The Eight Most Common Business Plan Mistakes

Edited by Rusell L. Brown

Often you may hear about what a business plan consists of. While including the necessary items is very important, you also want to make sure you don't commit any of the following common business plan mistakes:

1. Putting it off

Don't wait to write a plan until you absolutely have to. Too many businesses make business plans only when they have no choice in the matter. Unless the bank or the investors want a plan, there is no plan. Even if you are buying an existing profitable business a good business plan is crucial to continued success.

Don't wait to write your plan until you think you'll have enough time. "There's not enough time for a plan," business people say. "I can't plan. I'm too busy getting things done." The busier you are, the more you need to plan. If you are always putting out fires, you should build firebreaks or a sprinkler system. You can lose the whole forest for paying too much attention to the individual burning trees.

2. Cash flow casualness

Cash flow is more important than sales, profits, or anything else in the business plan, but most people think in terms of profits instead of cash. When you and your friends imagine buying or starting a new business, you think of what it would cost to make the product, what you could sell it for, and what the profits per unit might be. We are trained to think of business as sales minus costs and expenses, which equal profits. Unfortunately, we don't spend the profits in a business. We spend cash. So understanding cash flow is critical. If you have only one table in your business plan, make it the cash flow table.

3. Idea inflation

Plans don't sell new business ideas to investors. People do. The plan, though necessary, is only a way to present information. Investors invest in people, not ideas.
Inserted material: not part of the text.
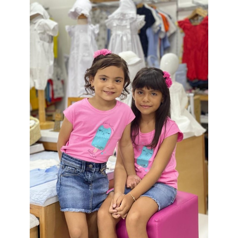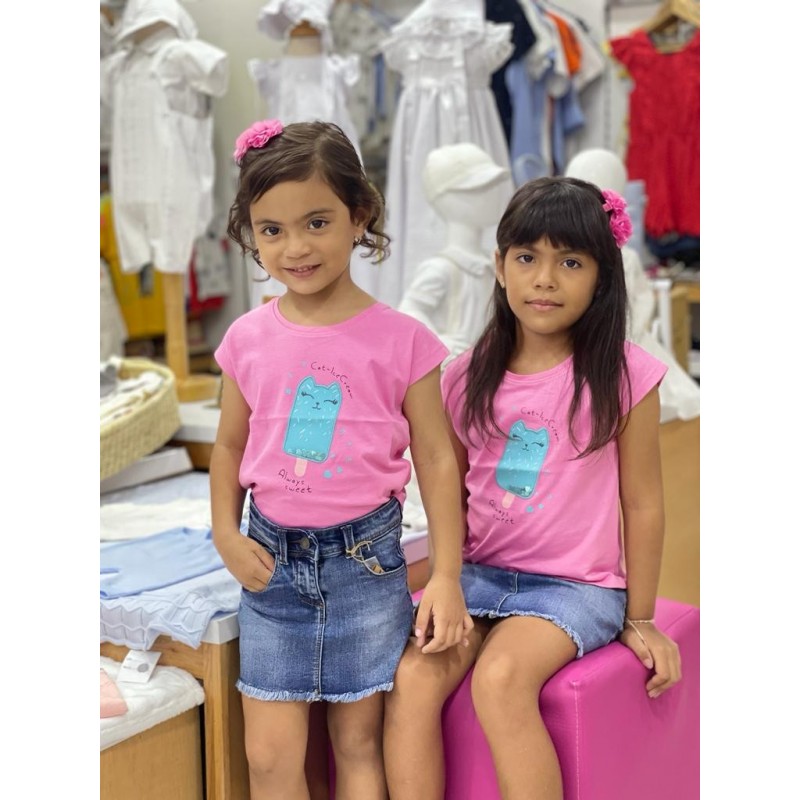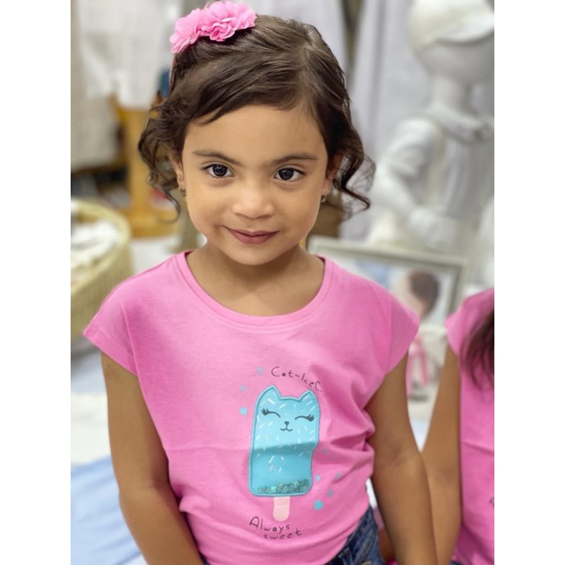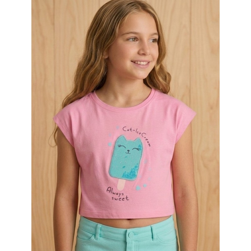 Camiseta con parche de tul con lentejuelas para niña. Camiseta con estampado. Cuello redondo y manga corta.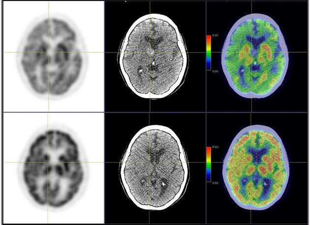 One notable phenomenon observed in our review of cases is the crossed cerebellar diaschisis, a condition typified by radiological or scintigraphic manifestations of diminished perfusion and metabolic activity in the cerebellar hemisphere contralateral to cerebral lesions. Etiological factors encompass hemorrhagic or ischemic strokes, primary and secondary brain neoplasms, as well as functional brain disorders like epilepsy or encephalitis.4-6 In our case, an unanticipated hematoma in the right internal capsule underscored the necessity for vigilant monitoring and further diagnostic exploration to avert potential deterioration and rule out tumor-related bleeding. Given the limitations of conventional low dose plain CT of PET/CT in detections of brain pathologies, the metabolic insights provided by PET play a pivotal role in detecting such diseases.

Don't overestimate the importance of the idea, particularly the importance of the uniqueness of the idea. You don't need a great idea to buy or start a business; you need time, money, perseverance, common sense, and so forth. Very few successful businesses are based entirely on new ideas. A new idea is much harder to sell than an existing one, because people don't understand a new idea and they are often unsure if it will work.

4. Fear and dread

Doing a business plan isn't as hard as you think. You don't have to write a doctoral thesis or a novel. There are good books to help, many advisors among the Small Business Development Centers (SBDCs), business schools, and there is software available to help you (such as Business Plan Pro, and others).

5. Spongy and vague goals

Leave out the vague and the meaningless babble of business phrases (such as "being the best") because they are simply hype. Remember that the objective of a plan is its results, and for results, you need tracking and follow up. You need specific dates, management responsibilities, budgets, and milestones. Then you can follow up. No matter how well thought out or brilliantly presented, it means nothing unless it produces results.

6. One size fits all

Tailor your business plan to its real business purpose. Business plans can be different things: they are often just sales documents to sell an idea for buying or starting a business. They can be detailed action plans, financial plans, marketing plans, and even personnel plans. They can be used to buy a business, start a business, or just run a business better.

7. Diluted priorities

Remember, strategy is focus. A priority list with 3-4 items is focus. A priority list with 20 items is something else, certainly not strategic, and rarely if ever effective. The more items on the list, the less the importance of each.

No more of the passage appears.